There’s some big news regarding the Delta SkyMiles American Express credit cards. There have been changes to the existing benefits, new benefits have been added, and unfortunately, the annual fee for many of the cards has increased. When such changes happen, it’s natural to think about how they’ll affect us. For instance, should we continue with our current card or switch to a different one? You can rightfully ask if the Delta co-branded AMEX cards are still worth it.
I currently have the Delta SkyMiles Gold Business American Express Card, so that’s where I’m going to start. For the old $99 annual fee, I get good value. It provides a free checked bag for up to 9 people on my reservation, 15% off the cost of award tickets booked with SkyMiles and priority boarding. Although the card offers other benefits, I don’t take advantage of them because they don’t make sense for my situation. However, I know people who spend $10,000 for a $100 Delta flight credit because they feel it’s a good deal.

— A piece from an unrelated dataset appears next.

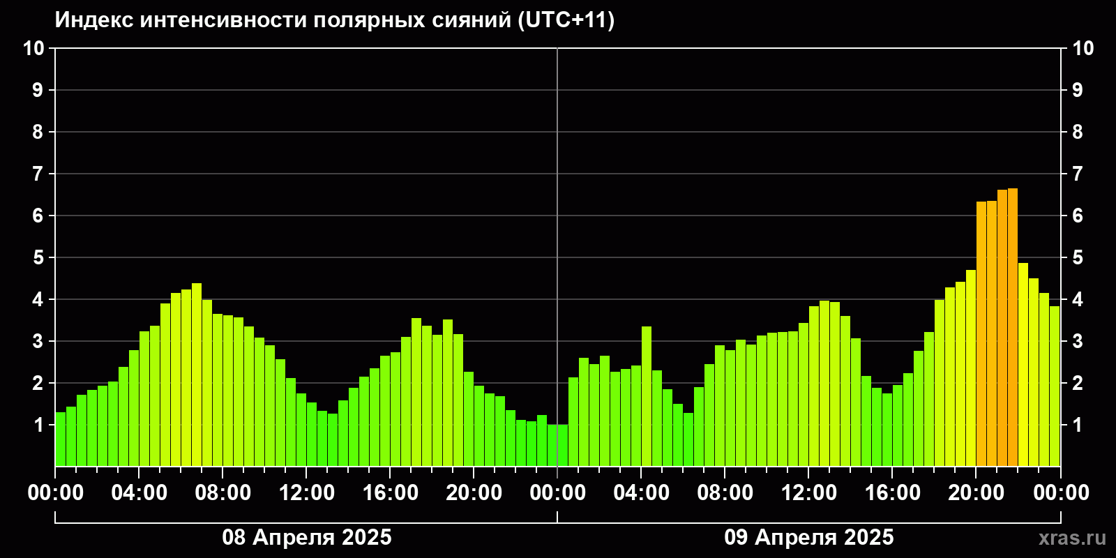 Изменения индекса интенсивности полярных сияний с 2025-04-08 по 2025-04-09 по местному времени

American Express and Delta released the updated card benefits earlier today. Here are the highlights:
- The Delta flight credit will increase to $200 after spending $10,000 in a calendar year
- A new $150 Delta Stays credit for hotel stays or vacation rentals booked through Delta
- The annual fee will increase from $99 to $150
Increase in Delta flight credit
Previously, you’d receive a $100 flight credit after spending $10,000 on your card. That credit has doubled to $200 for the same amount of spending. For me, this turns the credit from something that I’d not think about earning to something I’d consider. Simple math shows that you’ll earn 2% extra back if you spend exactly 10K. That is, if you have no issues spending a $200 Delta credit.

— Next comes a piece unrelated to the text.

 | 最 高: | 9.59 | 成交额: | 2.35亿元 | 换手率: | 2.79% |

New $150 Delta Stays credit
I’m unfamiliar with the Delta Stays program, where you can reserve hotels or vacation rentals at delta.com/stays. On a quick look, it’s a travel portal site powered by Expedia. According to the landing page, SkyMiles members earn 2 miles per dollar spent on stays booked through Delta (excluding taxes and fees).
I’m not sure how many people previously used this travel portal, but I’d be interested to see how competitive the prices are with the other travel portals. However, with a $150 credit in your pocket, you can afford to pay a few more bucks for a room. Since this is a third-party portal run by an OTA, I doubt you’ll get any stay credits or loyalty perks for rooms booked through the Delta Stays website.
Increased Annual Fee
Delta has recently increased the annual fee for both the personal and business SkyMiles Gold Cards to $150. I was previously willing to pay $99 for the older version of the card. I’m now wondering if it’s worth paying an extra $50 to keep the new version for another year. Whether it’s worth it or not will depend on whether I am planning to earn the $200 credit by spending $10,000, and if I’ll actually use the $150 Delta Stays credit.
There are a couple of options open to me:
- Keep the card and try to take advantage of one or both of the new credits. I was probably already getting close to $150 in value from the card between checked bag fees and the 15% lower award prices.
- Cancel the card and get the Platinum Card instead. Since American Express has put into place a family rule, you can only get better versions of the cards you’ve previously held. Since I’ve only had the business Gold Card, I can get the Platinum and earn another bonus. That card now has a $350 annual fee but is currently offering a 90,000 mile sign-up bonus.
- Cancel the card and go without a Delta American Express Card. This is an unusual thing to consider since we fly with Delta more than other airlines. However, I could use the Air Travel Credit from my Platinum Card and Ritz Carlton Cards to pay for the baggage fees and seat assignment fees to cover the costs. I was already considering getting rid of one of our co-brand airline cards and Delta might have made my mind up for me.
These are some big changes to the Delta American Express Card lineup. Going to a $150 annual fee for the entry point is something no other airline has tried. There’s no going back and lowering it, so we’ll have to see if United, American, Alaska, JetBlue, Southwest, and the other airlines will follow. And if they do, what benefits will they add to their cards to justify the higher annual fee?